[GOAL OF THE EXERCISE] From the first line of the listing below to the line containing "Ce coffret Tooli-Art", write out everything exactly. No pictures.

[SUPPLIED MATERIAL]
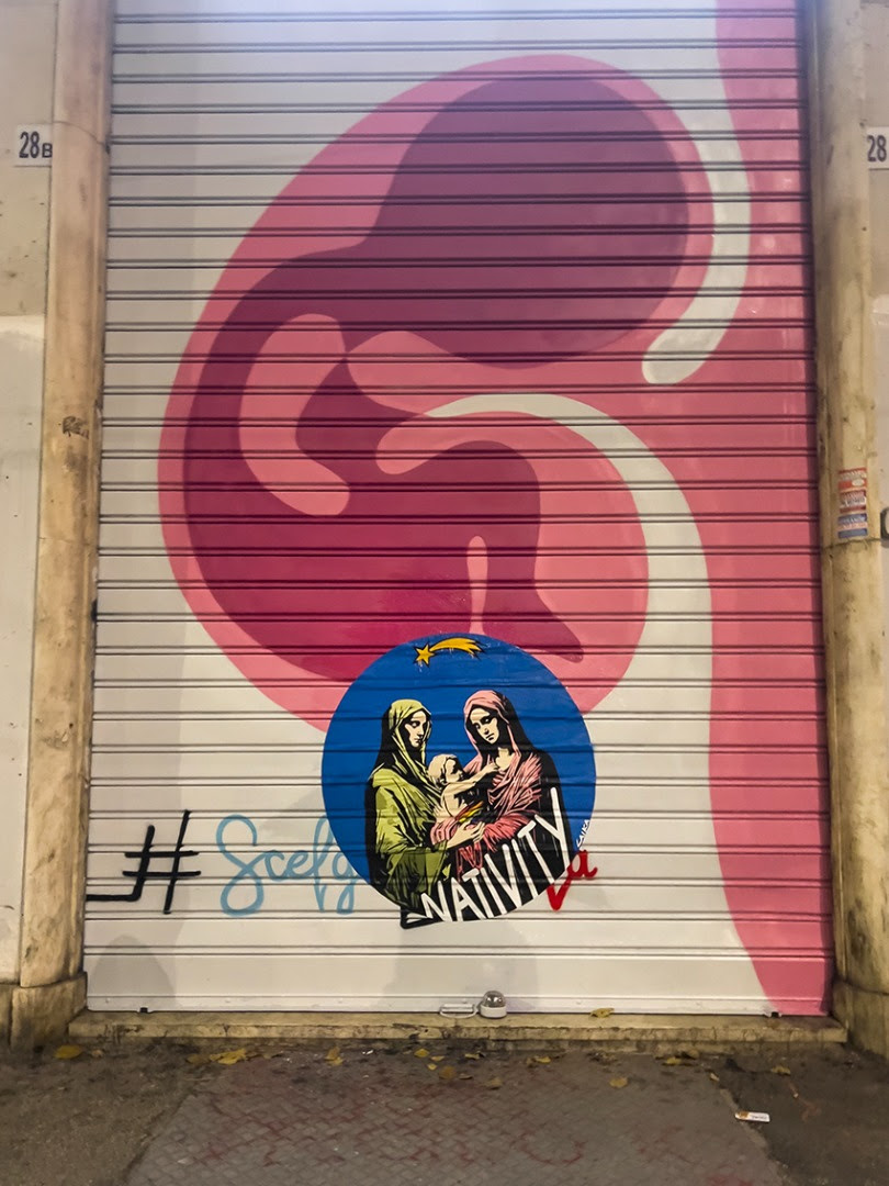 Questa mattina, domenica, 24 dicembre, è apparsa la nuova opera-provocazione della street artist Laika presso la sede di Pro-Vita e Famiglia, in viale Manzoni a Roma. L’opera, o meglio le opere, ritraggono una reinterpretazione della natività: nel primo poster Gesù bambino è insieme alle sue due mamme, due Madonne, che lo coccolano. Gesù è avvolto da fasci arcobaleno, esplicito riferimento alla bandiera LGBT. Il secondo poster, invece, ritrae San Giuseppe, falegname, che realizza una bara per il patriarcato.
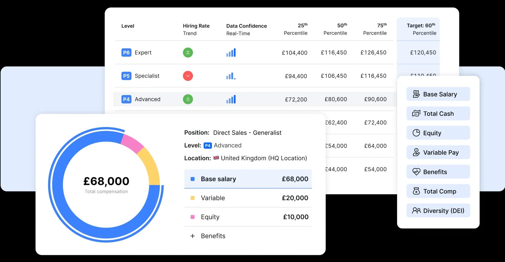 Compare your compensation to live data across salary, equity, variable pay, and benefits - sourced directly from global tech companies like yours.
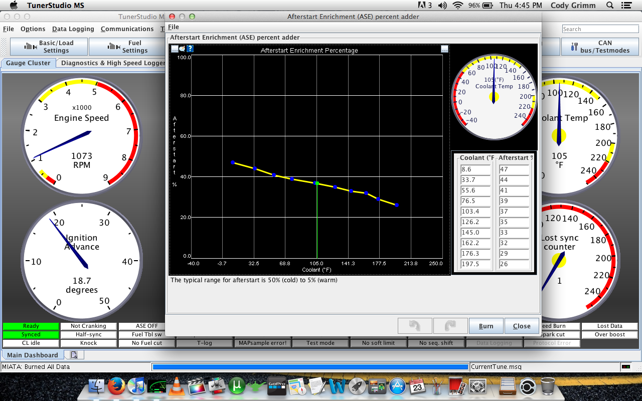 After adjusting some tables, the car starts up fine but it still has a lumpy/up&down idle right after it starts for about 5 seconds. Then idles fine. Here's some more screenshots of some ASE & cranking tables
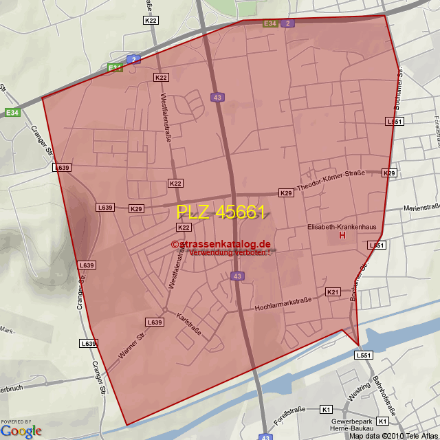 Ortsteile von Recklinghausen mit der PLZ 45661
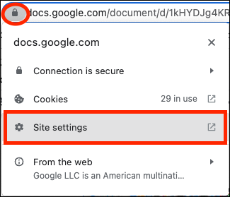 - In the Google Chrome browser address bar, click the lock icon and then click Site Settings.
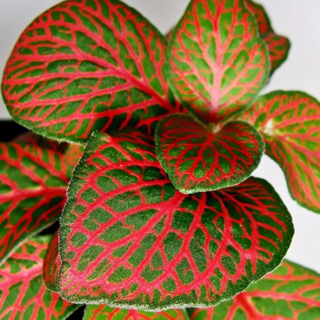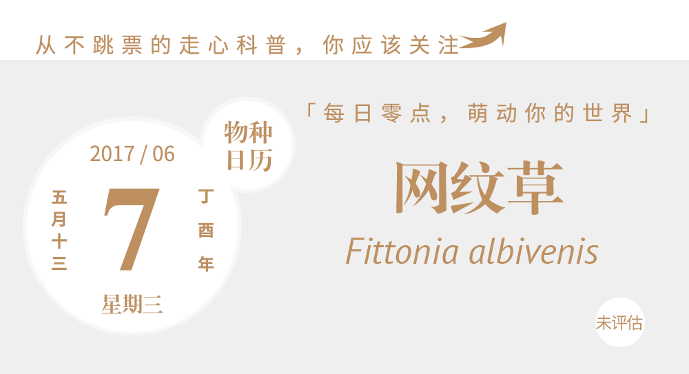 网纹草最显眼的标志就是它的叶子,十字形对生的卵圆形叶片上布满了网状花纹,仔细看的话会发现它实际上是叶脉部分具有明艳的颜色,种加词albivenis就是由albus(白色)加vena(叶脉)构成的。网纹草的品种有很多,常见的是叶脉白色的白网纹草和红色的红网纹草,过去它们曾被认为是两个独立物种,拥有各自的学名F. argyroneura和 F. verschaffeltii,后来被归并成了一个物种,有了现在通用的学名Fittonia albivenis。
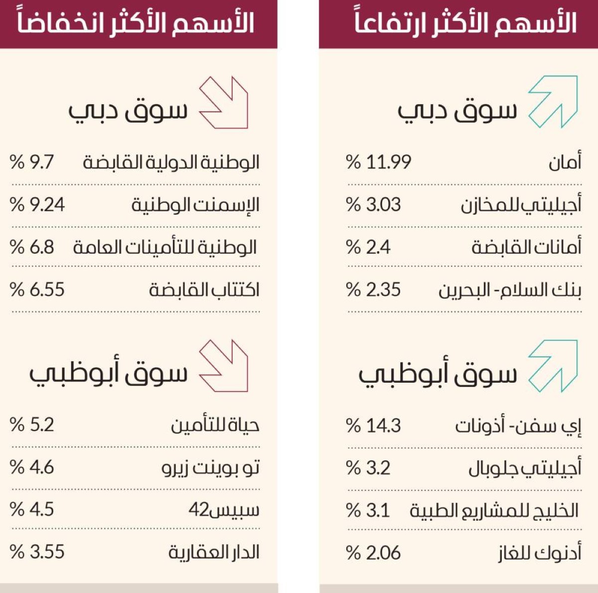 وتصدر سهم «أمان» ارتفاعات 12 شركة بسوق دبي مرتفعاً 11.99%، وصعدت أسهم أجيليتي للمخازن 3.03%، وأمانات القابضة 2.4%، وبنك السلام- البحرين 2.35%، فيما انخفضت أسهم الوطنية الدولية القابضة 9.7%، والإسمنت الوطنية 9.24%، والوطنية للتأمينات العامة 6.8%، واكتتاب القابضة 6.55%.
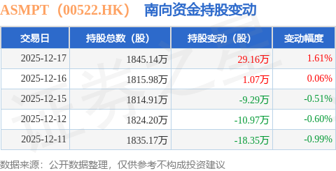 证券之星消息,12月17日南向资金增持29.16万股ASMPT(00522.HK)。近5个交易日中,获南向资金减持的有3天,累计净减持8.38万股。近20个交易日中,获南向资金减持的有11天,累计净减持744.71万股。截至目前,南向资金持有ASMPT(00522.HK)1845.14万股,占公司已发行普通股的4.41%。
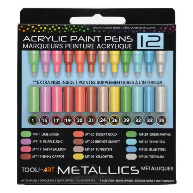 Ce coffret Tooli-Art Metallics contient 12 marqueurs acryliques à pointe extra fine de 0,7 mm. (Complément au coffret Metallic de 24 couleurs, sauf 01)
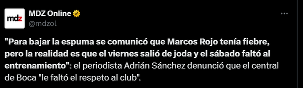 En AZZ, canal de Flavio Azzaro, fueron contundentes con lo que pasó con Rojo. Adrián Sánchez, periodista de dicho canal, dijo: "Para bajar la espuma se comunicó que Marcos Rojo tenía fiebre, pero la realidad es que el viernes salió de joda y el sábado faltó al entrenamiento". Esta información fue dada a la mañana y se siguió con esta temática durante todo el día.
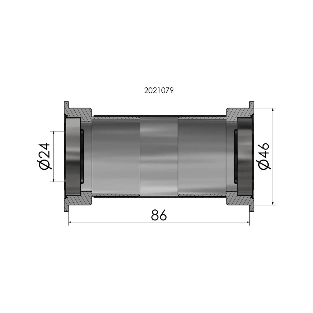 • Elvedes bottom bracket trapas adapter Press Fit, diameter 46mm BB386 breedte 86mm Shimano 24mm
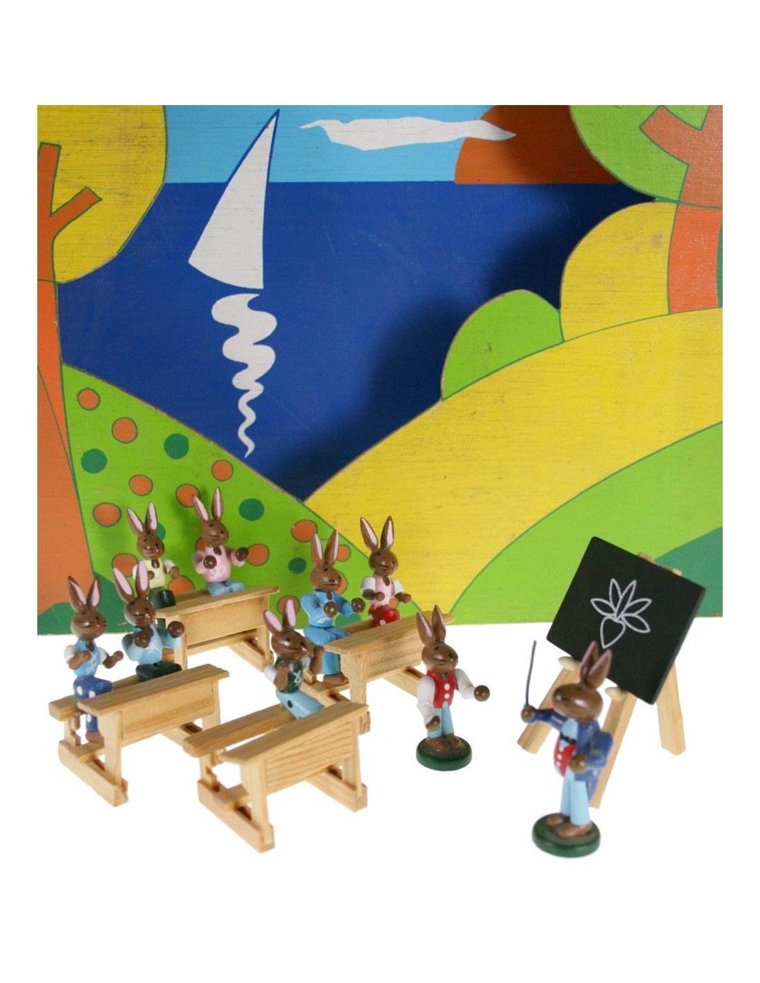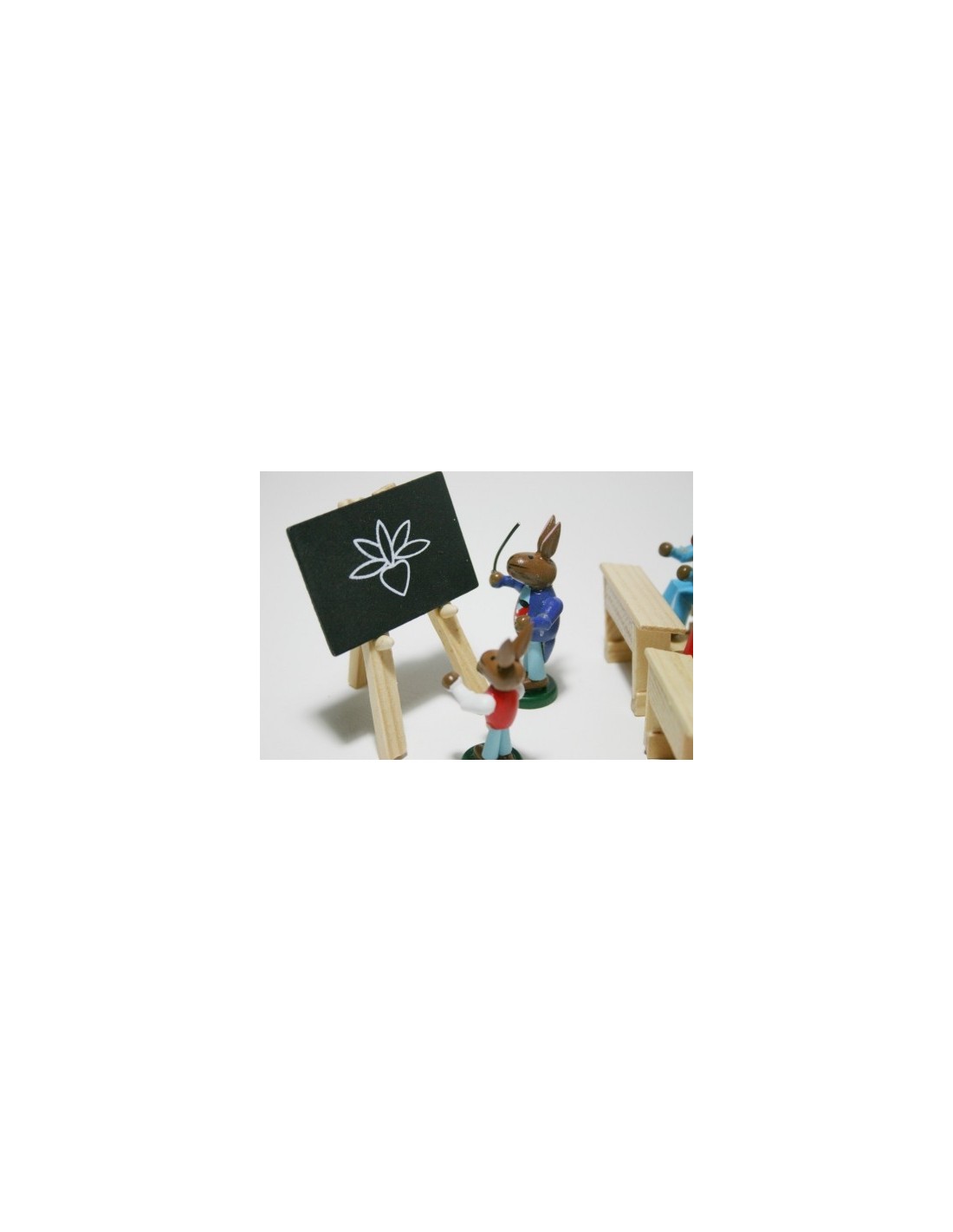 Lièvres en bois avec bureaux et professeur. Cadeau original pour un ou un professeur d'école et aussi une jolie décoration pour votre bibliothèque à la maison.
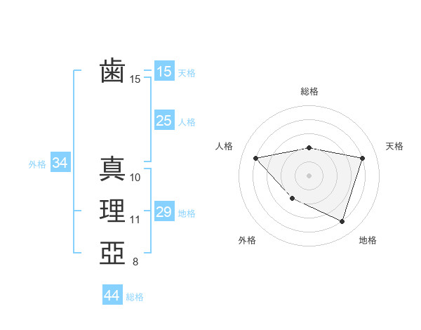 歯 真理亞さんの総格は44画の2点!
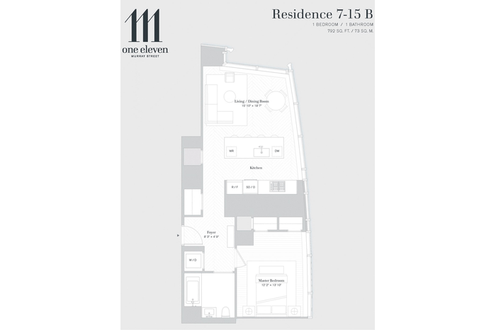Luxury 1-bedroom, 1 bathroom at TriBeCa's newest global landmark condominium.11B residence offers both north and east exposures overlooking the exquisite landscape architecture of Edmund Hollander. Enter through the foyer that leads you to this meticulously designed 792 square feet space that feature 10'7 ceiling height, white oak herringbone floors and glass-wrapped corner living/dining room, flooded with exceptional natural light. Enjoy a seamless entertaining with center island breakfast bar open kitchen designed by AD100 designer David Mann. The open layout features a Calacatta Borghini marble island with book-matched waterfall, countertop, and backsplash. Outfitted in Dornbracht fixtures and top-of-the-line appliances: a Wolf range stove, Miele dishwasher, convection oven, Sub-Zero refrigerator, and wine cooler. The luxurious master bedroom suite offers east-facing exposures and a bath with radiant heat floors and custom white marble slab vanity with Dornbracht fittings and fixtures in a custom soft black matte finish. A utility closet with washer and vented dryer completes this magnificent residence. Over 20,000 square feet of private indoor and outdoor spaces span two levels, comprising state-of-the-art amenities that include two pools; a 3,000 square foot fitness center; residents" lounge; patisserie; private dining room with demonstration kitchen; wellness suite with heated stone hammam, steam room, sauna, treatment rooms, and hair salon; children's playroom with interactive Imagination Playground and adjoining catering kitchen; teen room; media room; as well as stunning landscaped gardens that seamlessly integrate the interiors and the outdoors. A world-class condominium tower located in Tribeca and developed by a partnership of Fisher Brothers, Witkoff, and New Valley. Occupying a privileged location, 111 Murray Street is surrounded by the best that Downtown has to offer.
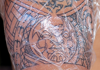 - Miután hazaértél a szalonból, távolítsd el a fóliát amivel lefedték a frissen készült tetoválásodat, hiszen ez csak arra szolgál, hogy megvédje a portól és egyéb szennyeződésektől, viszont hosszú távon nem engedi szellőzni.
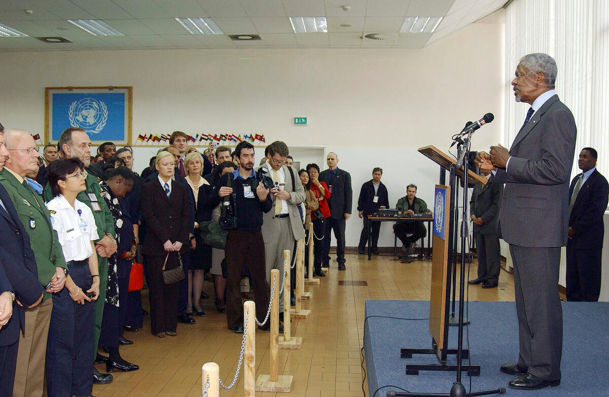 Secretary-General Kofi Annan (right) speaking to UN staff in Sarajevo.
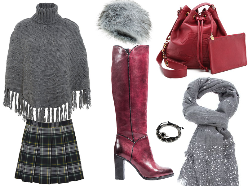 Stylizacja 7: dzianinowe poncho S. Oliver, karminowe kozaki na słupku Carinii, spódnica w kratę Merry Mart Uniforms, torebka -worek Chanel, futrzana czapka New Look, szal Valentino, bransoletka New Yorker
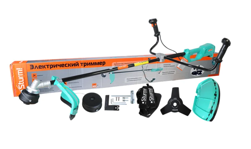 Sturm GT1800BS – универсальная мощная электрическая коса для ухода за приусадебной территорией. Имеет компоновку с верхним расположением двигателя, что дает возможность применять ее для скашивания мокрой травы, так как исключается непосредственный контакт влаги с электрочастью. Кроме того, размещение мотора сверху обеспечивает инструменту отличную развесовку. Модель оснащена производительным 1.8 кВт двигателем, развивающим максимальную частоту вращения режущей оснастки 7500 об / мин и позволяет уверенно использовать при работе режущую леску максимальным диаметром до 2.5 мм. Благодаря наличию стального приводного вала, крутящий момент от двигателя к редуктору передается практически без потерь, что позволяет уверенно использовать не только стандартные косильные катушки, но и металлические трехлопастные ножи для скашивания жесткой, перезрелой травы и бурьяна. Инструмент максимально прост в использовании. Этому способствуют отличная эргономика и небольшой вес. Кроме того, в отличии от бензиновых аналогов, электрическая коса не требует предварительной подготовки (приготовление топливной смеси, заправка), работает без вредного выхлопа и с невысоким уровнем шума. Значительный комфорт для пользователя обеспечивает применение на модели Sturm GT1800BS – U-образной ассиметричной рукояти «велосипедного типа» – она обеспечивает отличный контроль инструмента, а благодаря большому плечу позволяет захватывать значительную площадь за один заход. Предусмотрена возможность продольной регулировки рукояти. Для защиты пользователя от возможного случайного запуска инструмента на рукоятке управления установлена клавиша-фиксатор, блокирующая кнопку пуска – запуск возможен лишь после ее предварительного нажатия. Еще один элемент безопасности – специальный зацепной крюк в нижней части корпуса, предназначенный для надежной фиксации сетевого удлинителя к косе, чтобы в случае необходимости быстро отключить инструмент от электросети. В штатную комплектацию модели Sturm GT1800BS входят катушка с леской, трехлопастной режущий нож, ранцевый ремень и набор аксессуаров для сборки.

[SOLUTION BELOW]
 Questa mattina, domenica, 24 dicembre, è apparsa la nuova opera-provocazione della street artist Laika presso la sede di Pro-Vita e Famiglia, in viale Manzoni a Roma. L’opera, o meglio le opere, ritraggono una reinterpretazione della natività: nel primo poster Gesù bambino è insieme alle sue due mamme, due Madonne, che lo coccolano. Gesù è avvolto da fasci arcobaleno, esplicito riferimento alla bandiera LGBT. Il secondo poster, invece, ritrae San Giuseppe, falegname, che realizza una bara per il patriarcato.
 Compare your compensation to live data across salary, equity, variable pay, and benefits - sourced directly from global tech companies like yours.
 After adjusting some tables, the car starts up fine but it still has a lumpy/up&down idle right after it starts for about 5 seconds. Then idles fine. Here's some more screenshots of some ASE & cranking tables
 Ortsteile von Recklinghausen mit der PLZ 45661
 - In the Google Chrome browser address bar, click the lock icon and then click Site Settings.
 网纹草最显眼的标志就是它的叶子,十字形对生的卵圆形叶片上布满了网状花纹,仔细看的话会发现它实际上是叶脉部分具有明艳的颜色,种加词albivenis就是由albus(白色)加vena(叶脉)构成的。网纹草的品种有很多,常见的是叶脉白色的白网纹草和红色的红网纹草,过去它们曾被认为是两个独立物种,拥有各自的学名F. argyroneura和 F. verschaffeltii,后来被归并成了一个物种,有了现在通用的学名Fittonia albivenis。
 وتصدر سهم «أمان» ارتفاعات 12 شركة بسوق دبي مرتفعاً 11.99%، وصعدت أسهم أجيليتي للمخازن 3.03%، وأمانات القابضة 2.4%، وبنك السلام- البحرين 2.35%، فيما انخفضت أسهم الوطنية الدولية القابضة 9.7%، والإسمنت الوطنية 9.24%، والوطنية للتأمينات العامة 6.8%، واكتتاب القابضة 6.55%.
 证券之星消息,12月17日南向资金增持29.16万股ASMPT(00522.HK)。近5个交易日中,获南向资金减持的有3天,累计净减持8.38万股。近20个交易日中,获南向资金减持的有11天,累计净减持744.71万股。截至目前,南向资金持有ASMPT(00522.HK)1845.14万股,占公司已发行普通股的4.41%。
 Ce coffret Tooli-Art Metallics contient 12 marqueurs acryliques à pointe extra fine de 0,7 mm. (Complément au coffret Metallic de 24 couleurs, sauf 01)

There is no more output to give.